Problem description: Do not include the pictures; repeat the rest of the data exactly.

Raw data:

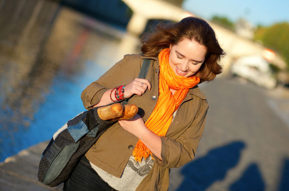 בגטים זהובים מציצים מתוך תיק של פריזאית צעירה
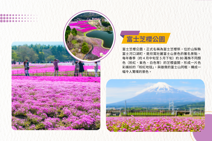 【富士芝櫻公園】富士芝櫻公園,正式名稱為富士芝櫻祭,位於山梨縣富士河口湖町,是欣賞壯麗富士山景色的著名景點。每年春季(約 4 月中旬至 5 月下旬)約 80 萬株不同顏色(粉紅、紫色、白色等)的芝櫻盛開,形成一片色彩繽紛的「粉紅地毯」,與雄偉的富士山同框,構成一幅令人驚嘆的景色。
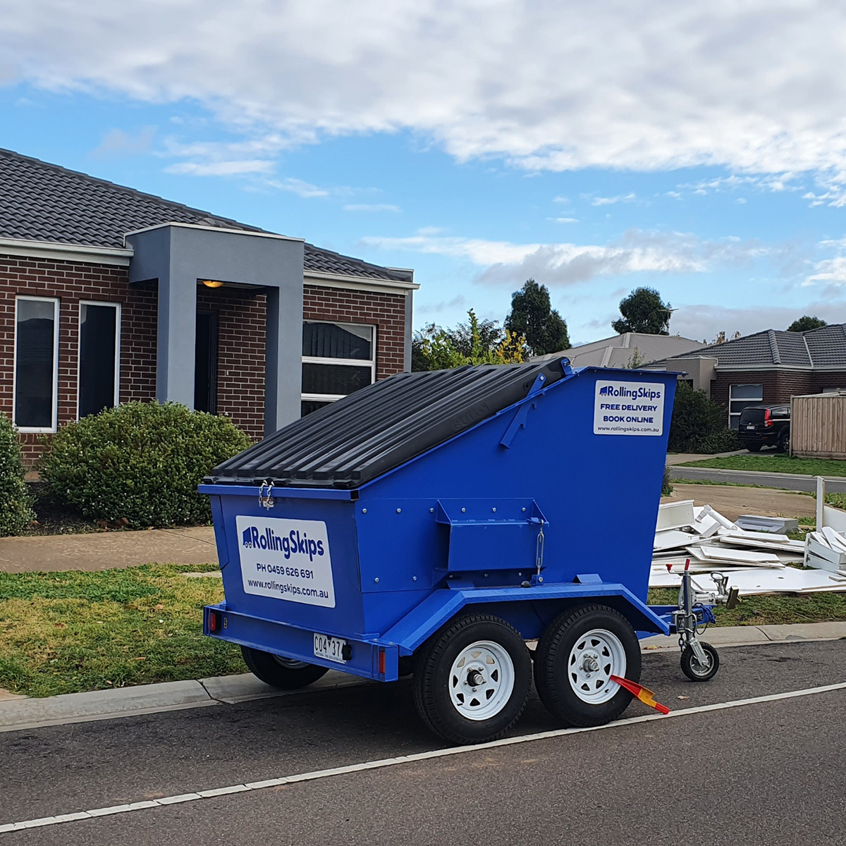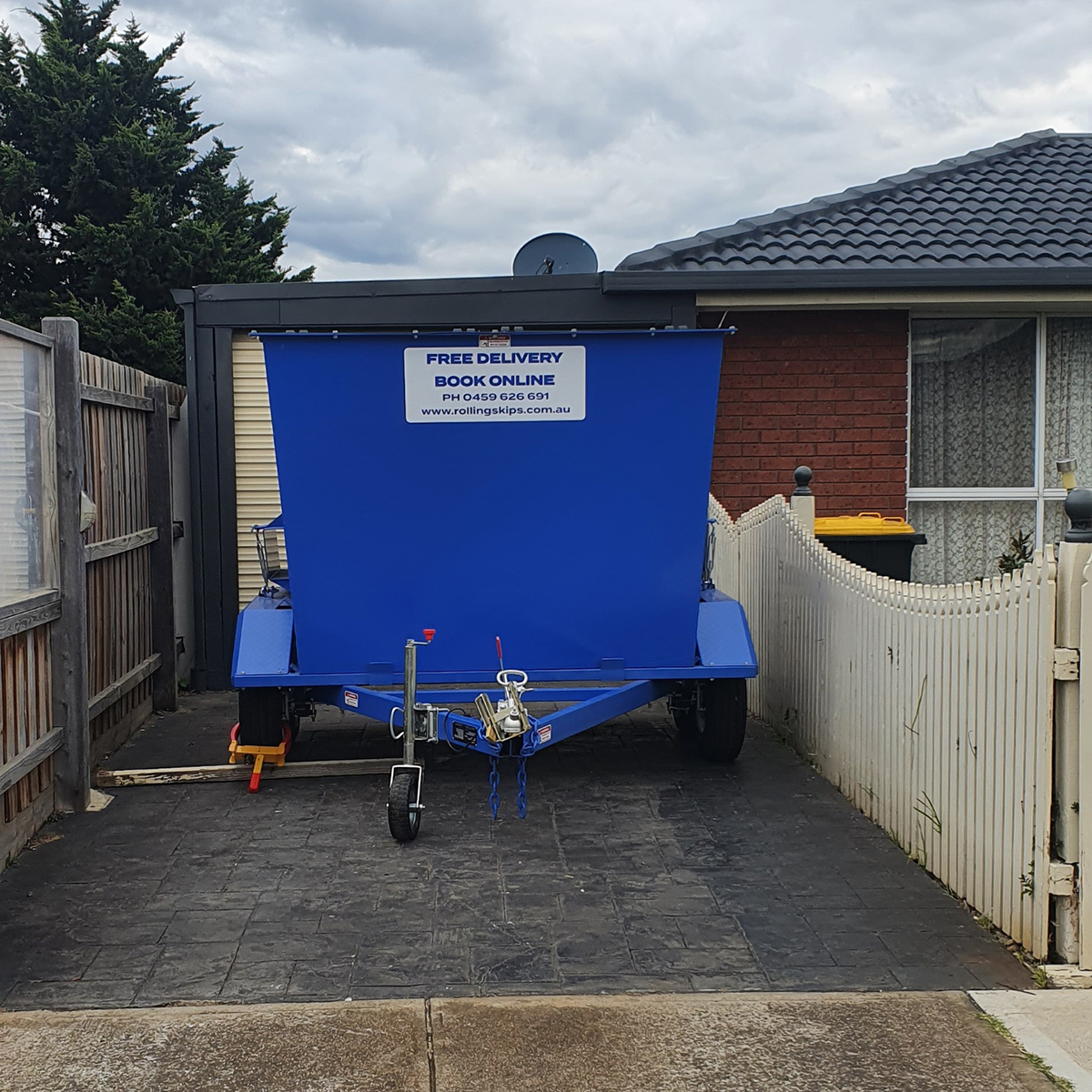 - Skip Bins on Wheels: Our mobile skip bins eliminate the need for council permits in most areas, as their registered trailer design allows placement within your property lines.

Solution to this problem:
 בגטים זהובים מציצים מתוך תיק של פריזאית צעירה
 【富士芝櫻公園】富士芝櫻公園,正式名稱為富士芝櫻祭,位於山梨縣富士河口湖町,是欣賞壯麗富士山景色的著名景點。每年春季(約 4 月中旬至 5 月下旬)約 80 萬株不同顏色(粉紅、紫色、白色等)的芝櫻盛開,形成一片色彩繽紛的「粉紅地毯」,與雄偉的富士山同框,構成一幅令人驚嘆的景色。
 - Skip Bins on Wheels: Our mobile skip bins eliminate the need for council permits in most areas, as their registered trailer design allows placement within your property lines.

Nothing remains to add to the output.